I’m already enjoying Wild. Yet I cannot help but compare Cheryl Strayed’s writing style to that of Paul Theroux. The two travel authors are embarking upon completely separate and distinct journeys. Theroux is writing for others, whereas Strayed seems to be writing for herself. However, there is obvious bias in both travelogues. We have noted Theroux’s subjectivity when it comes to his describing the South numerous times over. On the other hand, Strayed presents a unique bias. She will clearly discuss nature and her surroundings soon, as she is on the verge of beginning her month’s long hike. However, she took the time to inform readers on her reasoning behind the hike and all in which her adventure truly encompasses. Strayed holds a special connection with nature. Earth’s surroundings symbolically turn back the clock to intimate moments spent alongside her mother, when all of life’s pieces appeared perfectly in place. Strayed also examines her previous move to New York with her husband, Paul. She was not in the big city long. Essentially, she could have briefly pointed to her time spent outside Minnesota without the personal details regarding her day-to-night identity change which reached a surmountable level staying in New York. Strayed utilized the New York tale to contrast her inner peace which surfaces while visiting her dream-home places such as Ashland, Oregon. Even more, her seemingly bizarre behavior already conflicts with her meticulous, determined persona currently arising from her planning her hike.

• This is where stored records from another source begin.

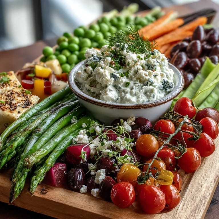 Der Frühling zu sein bedeutet, mit dem zu arbeiten, was gerade wächst, und dieses Brett feiert genau das. Es gibt einen Grund, warum Radieschen und frische Erbsen zusammen gehören—sie sind in derselben Jahreszeit lebendig und sprechen auf einer primitiveren Ebene zu uns. Wenn du es im Sommer machst, ersetze einige Gemüsesorten durch Paprika und grüne Bohnen; im Herbst könnten Rote-Beete-Scheiben und Kürbis Platz nehmen. Das Brett anzupassen ist nicht ein Fehler—es ist das Punkt.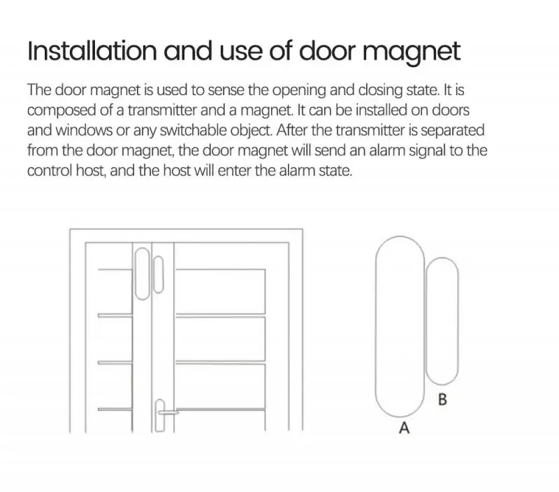 Датчик двери используется для определения состояния открытия и закрытия. Он состоит из передатчика и магнита. Он может быть установлен на двери, окна или любые предметы, которые могут быть открыты и закрыты. После того, как передатчик и датчик двери будут разделены, датчик двери отправит сигнал тревоги на хост управления, и хост входит в состояние тревоги
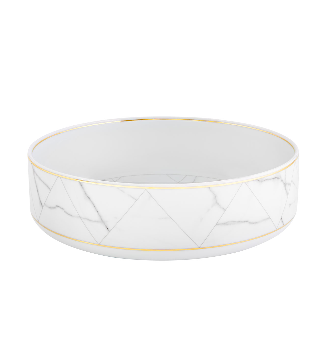 The combination between porcelain and drawings inspired by the noble marble of Carrara, a very refined, geometric approach, creates the illusion that each piece of the set is interchangeable.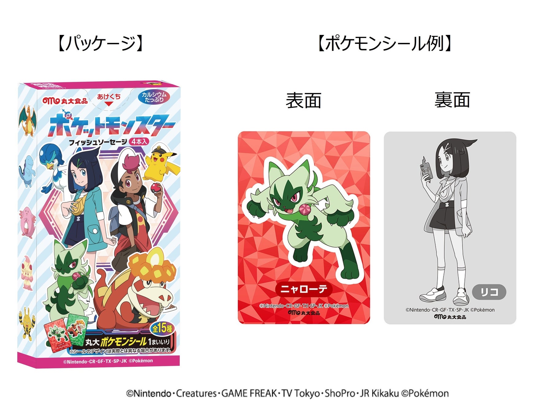 2023年4月からスタートしたTVアニメ「ポケットモンスター」をパッケージデザインに起用した、カルシウムたっぷりのフィッシュソーセージです。「ポケモンシール」1枚入りで、シールは全部で15種類。シール台紙の裏には登場人物やいにしえのモンスターボールなどのデザインをプリントしました。

Strayed, in my opinion, is emotionally lost at this point in her text. She is unable to remain physically or emotionally close with another person. She does not make an effort to stay in touch with her family, just as she willingly allows her marriage to disintegrate before her eyes. If she were to have moved to New York permanently with Paul, Strayed would have been leaving her mother behind. Moving on with her life and her relationship meant a world in which her new companions and accomplishments could not be shared with her mother. But more than anything, she is perhaps asking herself, “What would my mother think?” Her desire for motherly guidance is evident in the second chapter as she recalls, “I lay down in the mother ash dirt among the crocuses and told her it was okay. That I’d surrendered. That since she died, everything had changed. Things she couldn’t have imagined and wouldn’t have guessed” (Strayed 29).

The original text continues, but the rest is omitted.